• _WHAT YOU HAVE TO DO_:
Below are lines of records; copy exactly those from the one containing "Remove the wiper" through the one containing "下图就是目前最新版本的植物分", leaving the pictures behind.

• _SOURCE DATA_:
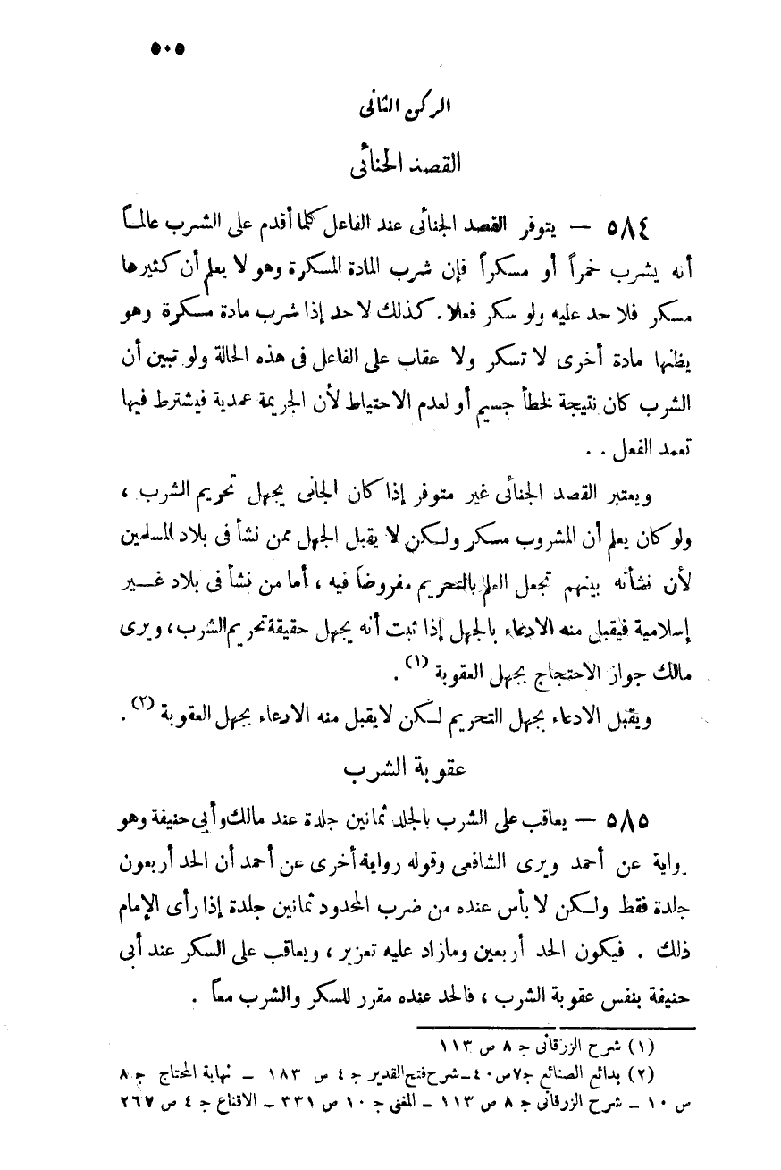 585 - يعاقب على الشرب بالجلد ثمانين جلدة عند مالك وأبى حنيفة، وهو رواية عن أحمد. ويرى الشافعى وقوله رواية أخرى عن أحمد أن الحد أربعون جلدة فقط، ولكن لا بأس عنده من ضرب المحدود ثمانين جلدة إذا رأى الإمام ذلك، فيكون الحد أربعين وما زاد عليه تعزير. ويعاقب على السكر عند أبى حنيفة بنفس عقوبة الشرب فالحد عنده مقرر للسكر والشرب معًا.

---

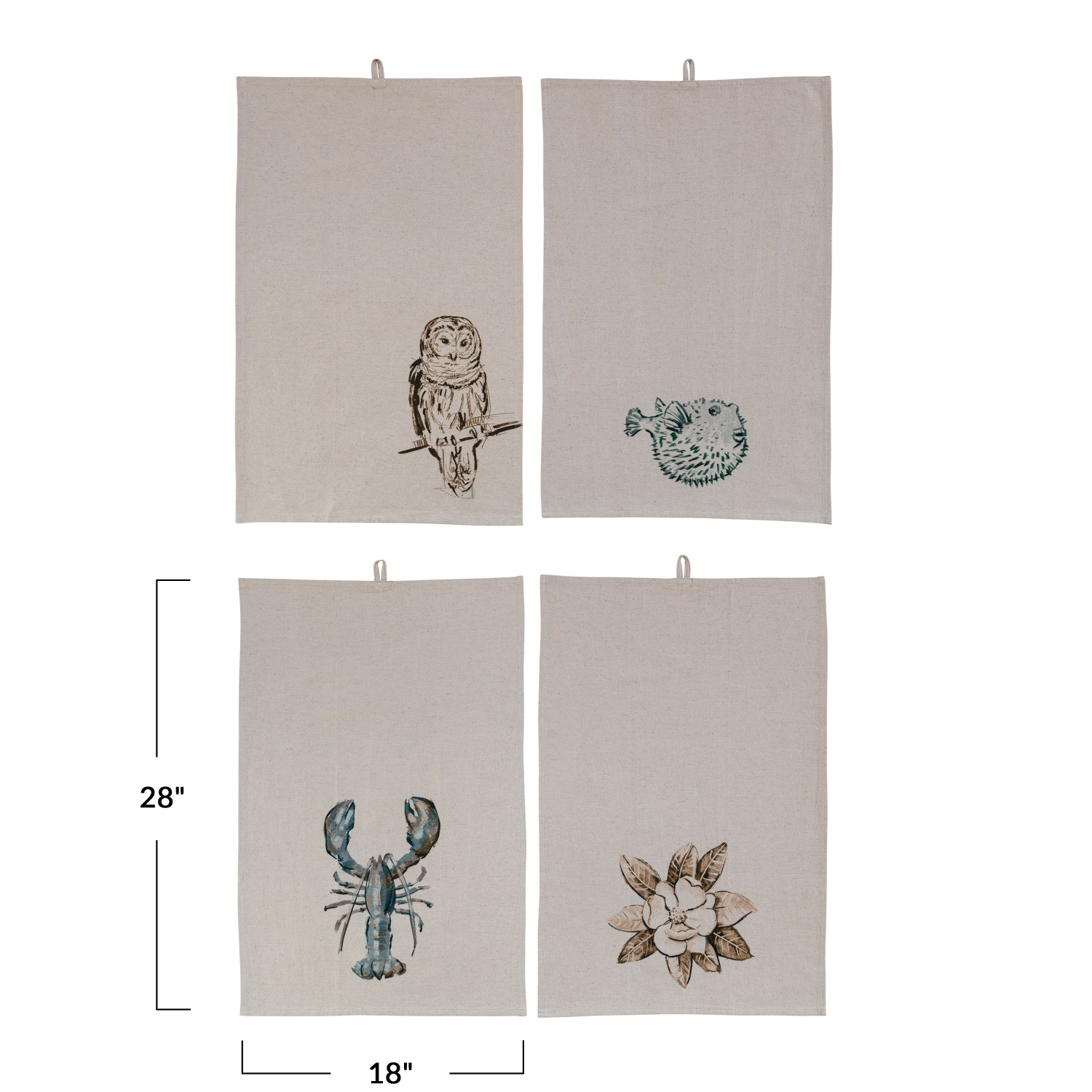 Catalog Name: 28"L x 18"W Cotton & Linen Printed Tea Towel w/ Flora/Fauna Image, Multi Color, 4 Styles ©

---

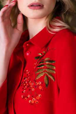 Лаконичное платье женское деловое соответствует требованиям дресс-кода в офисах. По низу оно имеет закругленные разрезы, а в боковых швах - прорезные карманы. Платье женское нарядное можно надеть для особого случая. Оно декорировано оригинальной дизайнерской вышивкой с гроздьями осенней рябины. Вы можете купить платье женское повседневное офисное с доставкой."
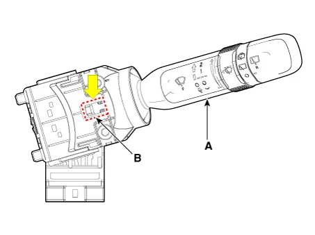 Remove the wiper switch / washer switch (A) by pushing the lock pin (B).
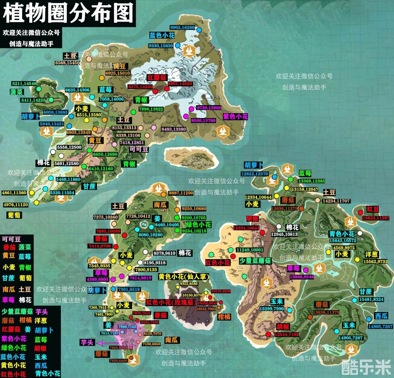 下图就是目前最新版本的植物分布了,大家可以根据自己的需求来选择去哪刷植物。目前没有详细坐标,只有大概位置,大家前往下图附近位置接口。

• _ANSWER SPACE_:
 Remove the wiper switch / washer switch (A) by pushing the lock pin (B).
 下图就是目前最新版本的植物分布了,大家可以根据自己的需求来选择去哪刷植物。目前没有详细坐标,只有大概位置,大家前往下图附近位置接口。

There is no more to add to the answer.